Is lecanemab safe and effective as a treatment of mild cognitive impairment or early Alzheimer's disease?
Similar to aducanumab, lecanemab does an excellent job of reducing amyloid while having very little impact on cognition and function, while causing concerning increases in brain edema and hemorrhage. The advisory committee from the United States Food and Drug Administration (FDA) voted almost unanimously against approval of aducanumab, a vote that was ultimately ignored by the FDA. This time, they didn't even convene an advisory committee and just went ahead and approved lecanemab. These decisions call into question the FDA's decision-making and independence, and also call into question the amyloid hypothesis for Alzheimer's disease.
Plan de l'etude:
Randomized controlled trial (double-blinded)
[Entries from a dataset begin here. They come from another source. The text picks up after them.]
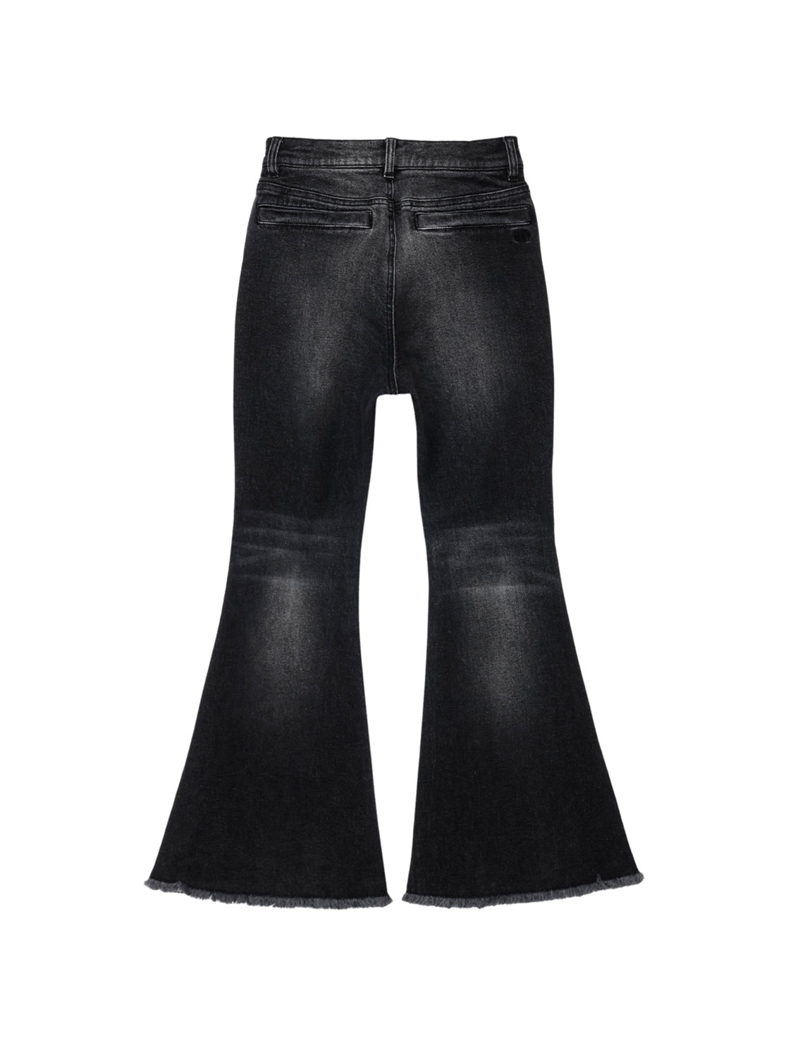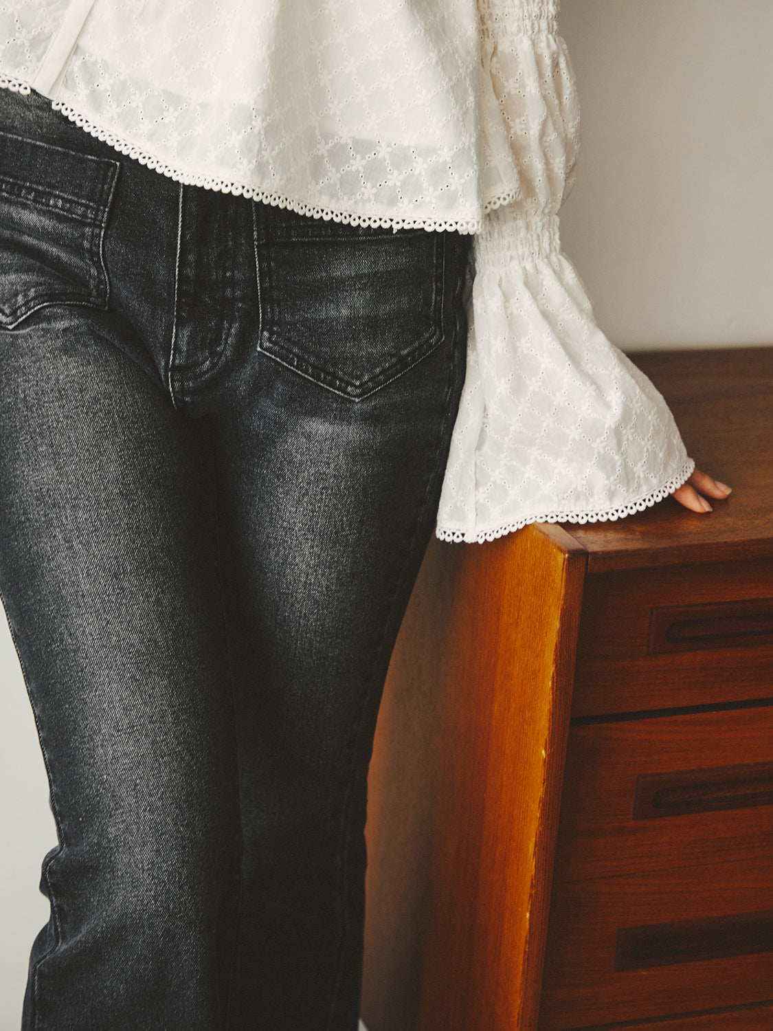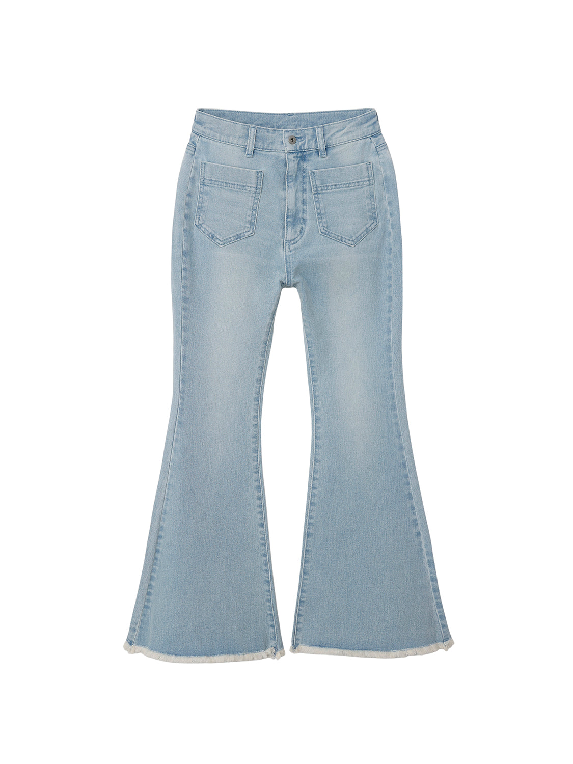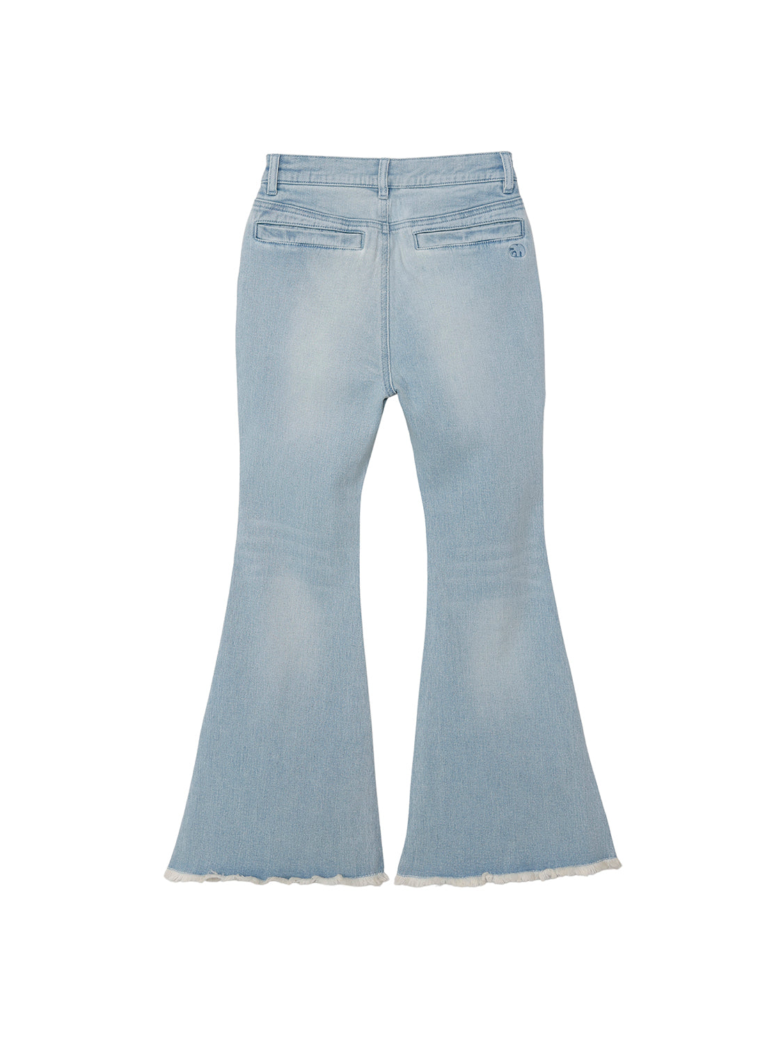 ヴィンテージデニムのムードを漂わせる、緩やかなフレアシルエットのデニムパンツ。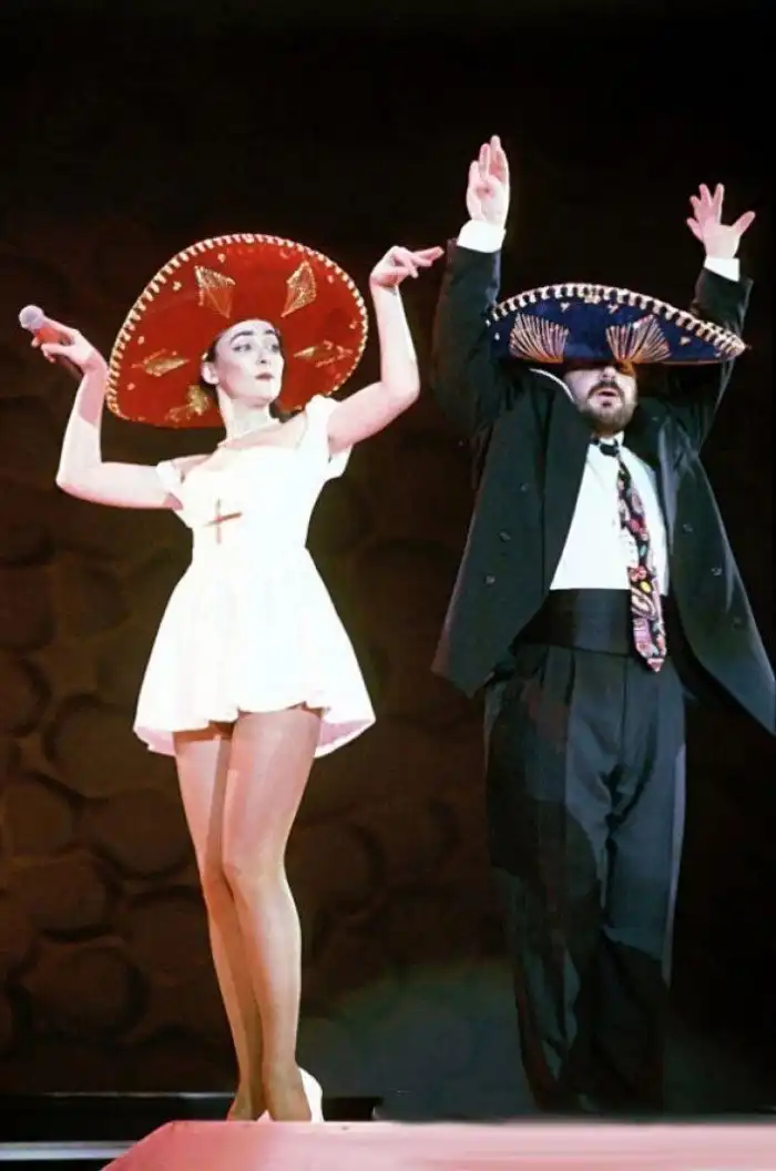 Лолита Милявская и Александр Цекало выступают на "Рождественских встречах" Аллы Пугачевой в спорткомплексе "Олимпийский", 25 декабря 1992 года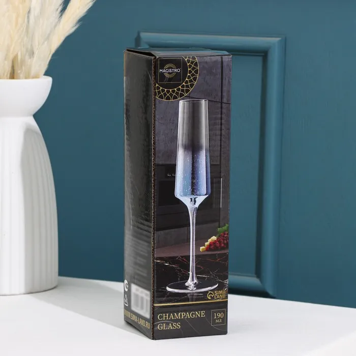 Бокал для шампанского Magistro «Мерцание», 190 мл, 7×24.5 см, стекло, синий — Характеристики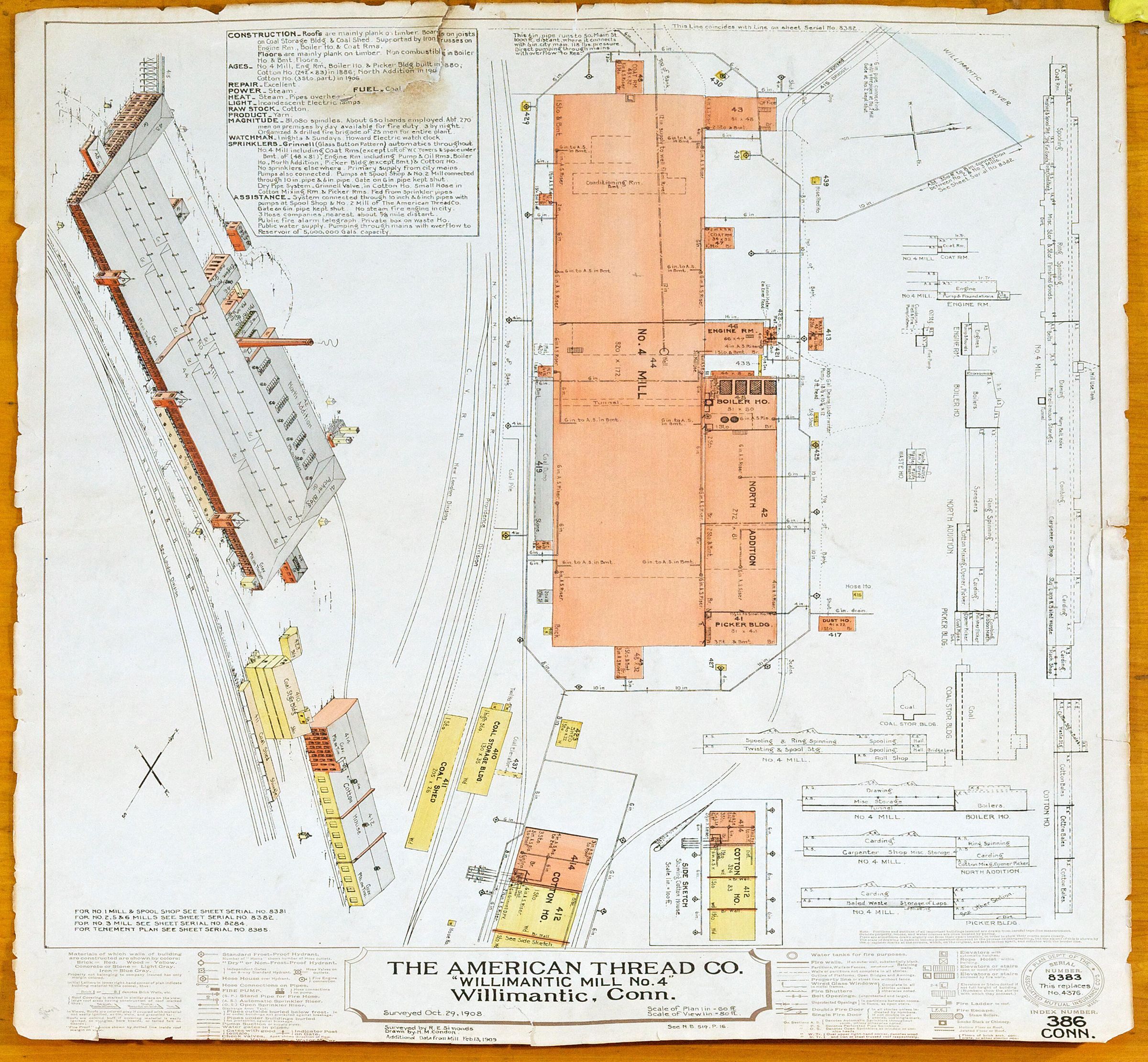 Fire insurance plan of Willimantic Mill No. 4, American Thread Company, Willimantic, CT. Scale of plan: 1 in. = 60 ft. Scale of view: 1 in. = 80 ft. Surveyed Oct 29, 1908. Surveyed by R. E. Simonds. Associated Mutual Insurance Co., serial number 8383, index number 386 CONN. Color coded. Digital photo for the Mill Museum by Harrison Judd.Collection

Lecanemab is a monoclonal antibody that targets amyloid beta in the brain of patients with Alzheimer's disease. This phase 3 trial randomized 1795 participants to receive 10 mg per kg lecanemab or placebo every 2 weeks and followed them up for up to 18 months. At baseline, patients had mild cognitive impairment (69%) or mild Alzheimer's disease (31%); their mean age was 71 years, 52% were women, and their mean Mini–Mental State Examination score was 25 (range 22 - 30; 30 is the best possible score). The primary outcome was the change from baseline on the Clinical Dementia Rating Sum of Box (CDR-SB) score, which measures both cognition and function. The decline in the CDR-SB score at 18 months was slightly less in the lecanemab group (by -0.45 points; 95% CI -0.67 to -0.23). However, this is far less than the minimal clinically important difference (MCID) of 1 to 2 points. Similarly, the Alzheimer's Disease Assessment Scale declined by 1.44 points less in the lecanemab group, which is also less than the MCID of at least 4 points. Serious adverse events occurred more often in the lecanemab group (14.0% vs 11.3%), including symptomatic brain hemorrhages (0.7% vs 0.2%) and symptomatic brain edema (2.8% vs 0.0%). There was no difference between groups in mortality.